Erik and I would have blow out fights about twice a day. The smallest things would set one of us off, which would quickly escalate into a screaming match, leading into punches being thrown, followed by crying, and finally a make out session with reconciliation. The relationship was a complete mess, but I had become so codependent on Eric and didn’t know any other way to live. One night I had discovered that Eric had slept with someone else behind my back. I of course was furious and caused a scene that would rival those in a Spanish telenovela…


9/17/08
You say I have no life that sometimes I wish we never met. My life would be a much more simpler and happy. You twist my words around, and you always make me look like I’m the crazy one! I’m the bad guy! I always end up having to apologize to you even if it seems that it was you that started the whole mess! You cheated on me on our 6 months anniversary and somehow you managed to make me feel like I was the bad guy, the psycho, the one with the problem!

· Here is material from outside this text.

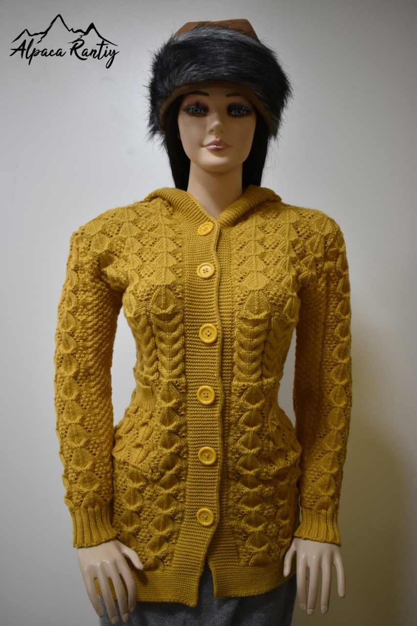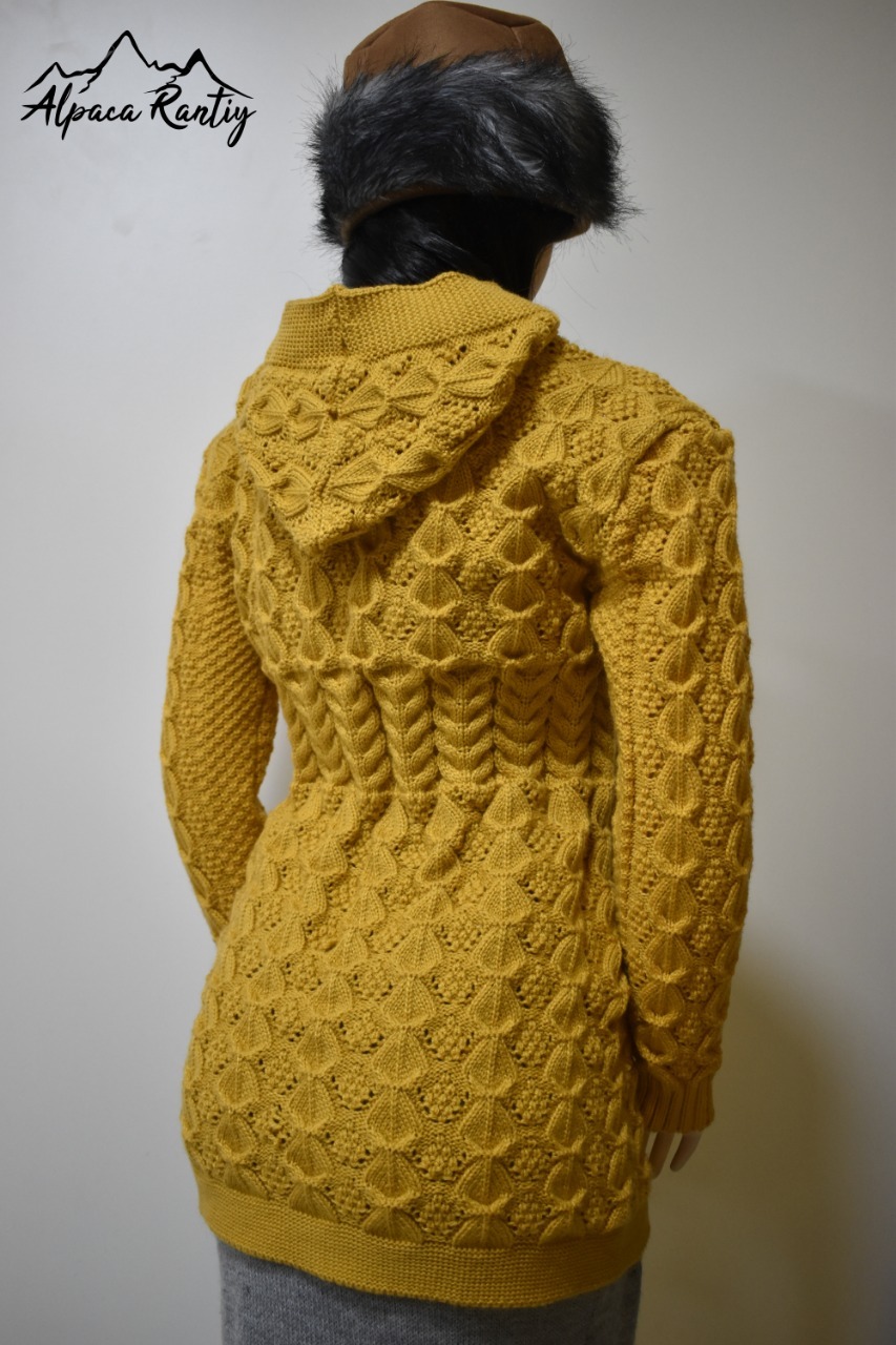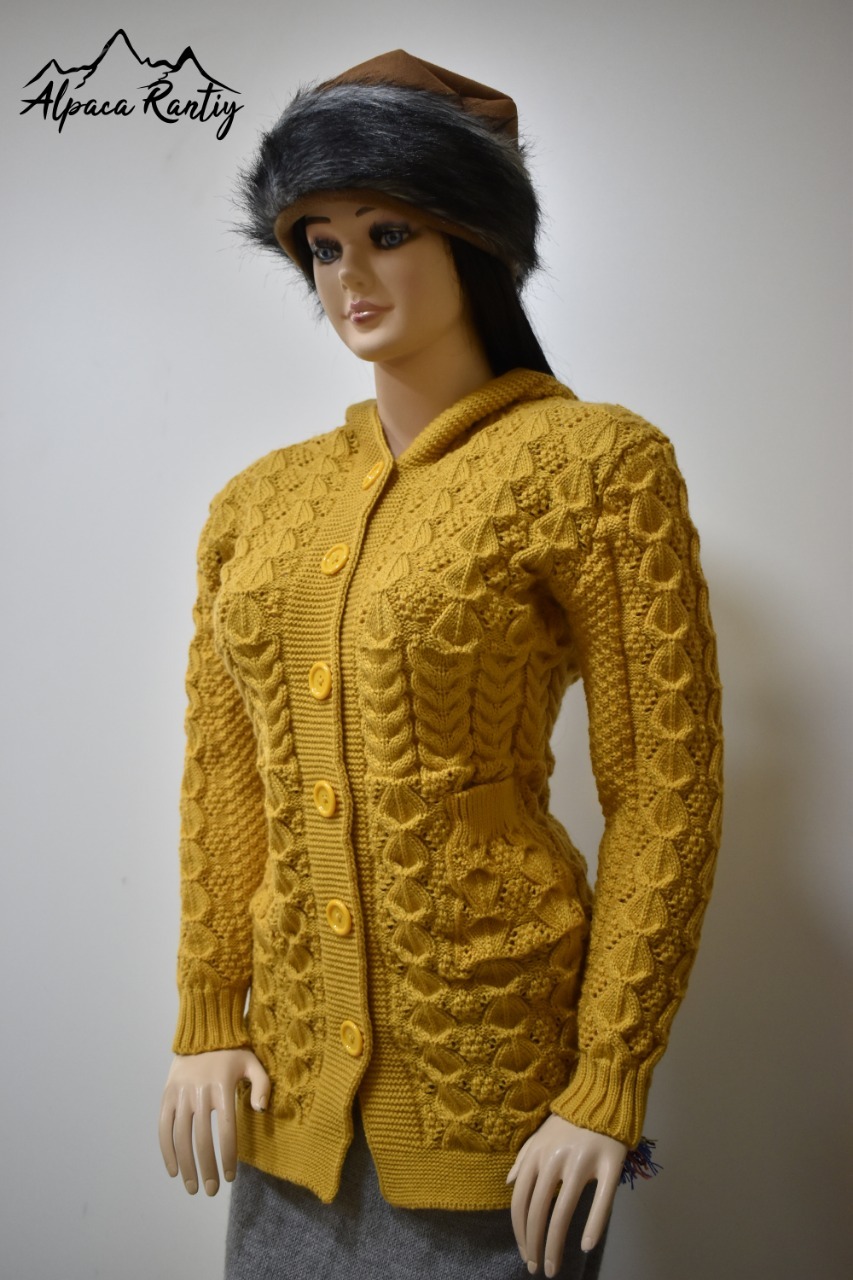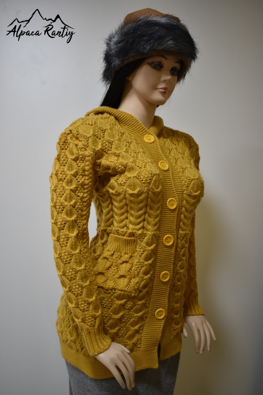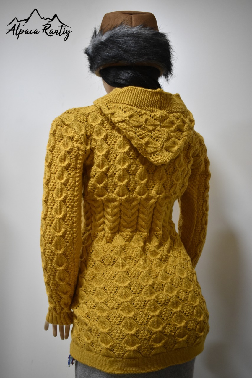 Luce y siéntete abrigada con esta hermosa chompa, ideal para los días fríos. Confeccionada con tejido de punto grueso y diseño en relieve que combina trenzas y figuras geométricas, le da un estilo único y elegante.

How the fuck do I put up with this? And why? Why do I allow my life to be ruled over by you? Sick and tired of the bullshit.

 

Of course I wasn’t really over it. I threatened to leave Erik on a weekly basis but could never bring myself to do it. If I left Erik I would be forced to face the music and get sober. I was definitely not ready for that. Even though I was completely miserable most of the time my brain had convinced me that this was normal and the way I should be living. My mind told me that drugs would make me happy and be the solution to all of my problems. Although our relationship was the poster child for dysfunction I couldn’t imagine my life without out him. I needed him to survive this dangerous lifestyle I had become so accustom to.